● Exercise aim
Look through the data below for the line with "925 Ayar Gümüş Beyaz Yuvarlak Taşlı Su Yolu Bileklik 925", and transcribe it exactly together with each line after it up to and including the line with "เมื่อ ๒๒ ม.ค.๖๘". Give nothing else.

● Supplied data
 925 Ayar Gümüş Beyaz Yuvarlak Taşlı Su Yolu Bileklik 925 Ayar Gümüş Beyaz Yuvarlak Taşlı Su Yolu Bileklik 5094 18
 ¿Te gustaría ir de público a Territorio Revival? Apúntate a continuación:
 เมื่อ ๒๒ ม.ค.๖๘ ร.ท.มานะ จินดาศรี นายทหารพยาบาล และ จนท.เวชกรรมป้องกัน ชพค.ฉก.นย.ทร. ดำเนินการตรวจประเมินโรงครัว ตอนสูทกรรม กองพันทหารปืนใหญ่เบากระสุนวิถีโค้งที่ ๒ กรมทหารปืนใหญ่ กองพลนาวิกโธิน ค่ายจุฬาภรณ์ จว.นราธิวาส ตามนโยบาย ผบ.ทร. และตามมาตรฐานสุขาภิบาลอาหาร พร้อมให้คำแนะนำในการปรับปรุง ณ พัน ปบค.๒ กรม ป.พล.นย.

* * *

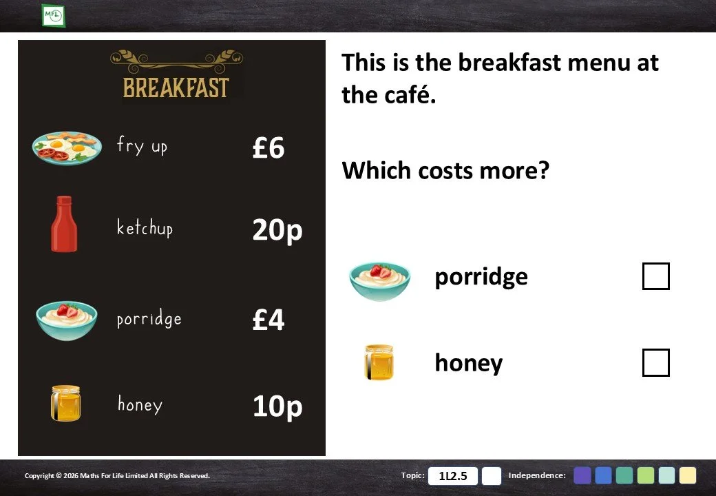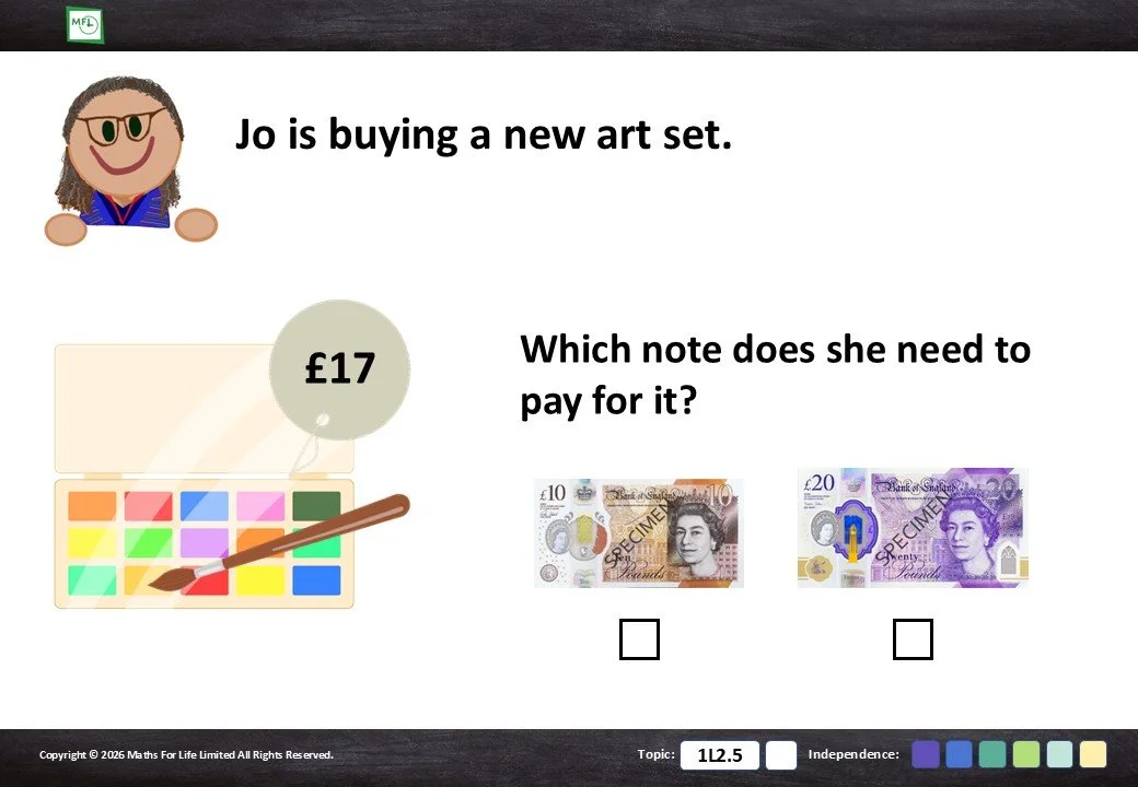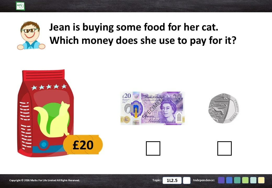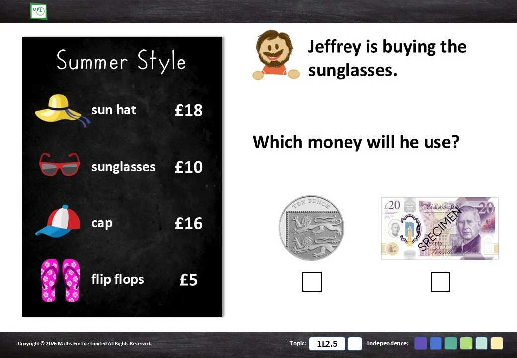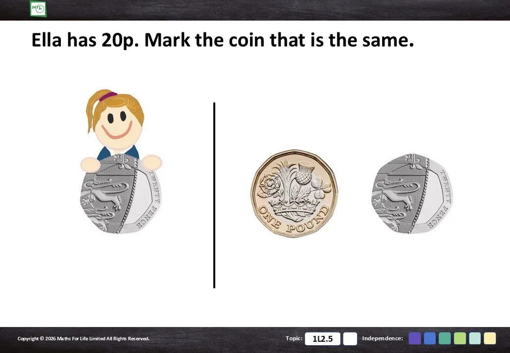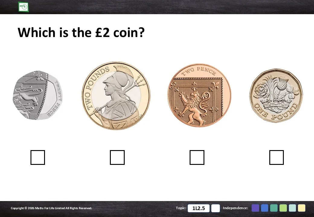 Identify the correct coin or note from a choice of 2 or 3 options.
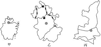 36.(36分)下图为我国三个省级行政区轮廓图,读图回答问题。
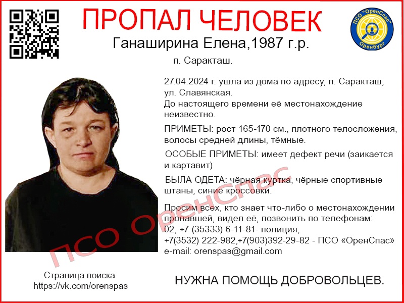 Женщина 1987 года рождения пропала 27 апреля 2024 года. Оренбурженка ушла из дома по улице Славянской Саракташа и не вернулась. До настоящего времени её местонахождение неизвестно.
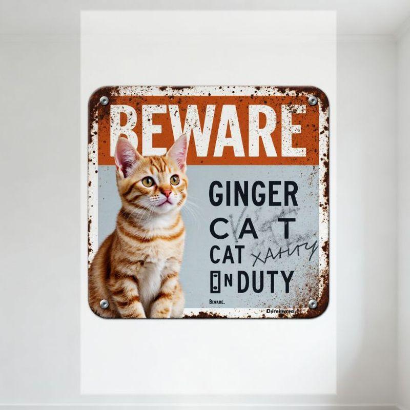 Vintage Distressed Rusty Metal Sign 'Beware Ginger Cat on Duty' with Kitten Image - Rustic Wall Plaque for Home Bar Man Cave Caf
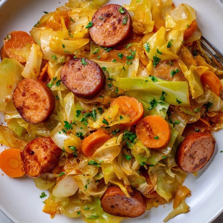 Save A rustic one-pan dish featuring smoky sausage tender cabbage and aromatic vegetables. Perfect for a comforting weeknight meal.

● Result for this task
 925 Ayar Gümüş Beyaz Yuvarlak Taşlı Su Yolu Bileklik 925 Ayar Gümüş Beyaz Yuvarlak Taşlı Su Yolu Bileklik 5094 18
 ¿Te gustaría ir de público a Territorio Revival? Apúntate a continuación:
 เมื่อ ๒๒ ม.ค.๖๘ ร.ท.มานะ จินดาศรี นายทหารพยาบาล และ จนท.เวชกรรมป้องกัน ชพค.ฉก.นย.ทร. ดำเนินการตรวจประเมินโรงครัว ตอนสูทกรรม กองพันทหารปืนใหญ่เบากระสุนวิถีโค้งที่ ๒ กรมทหารปืนใหญ่ กองพลนาวิกโธิน ค่ายจุฬาภรณ์ จว.นราธิวาส ตามนโยบาย ผบ.ทร. และตามมาตรฐานสุขาภิบาลอาหาร พร้อมให้คำแนะนำในการปรับปรุง ณ พัน ปบค.๒ กรม ป.พล.นย.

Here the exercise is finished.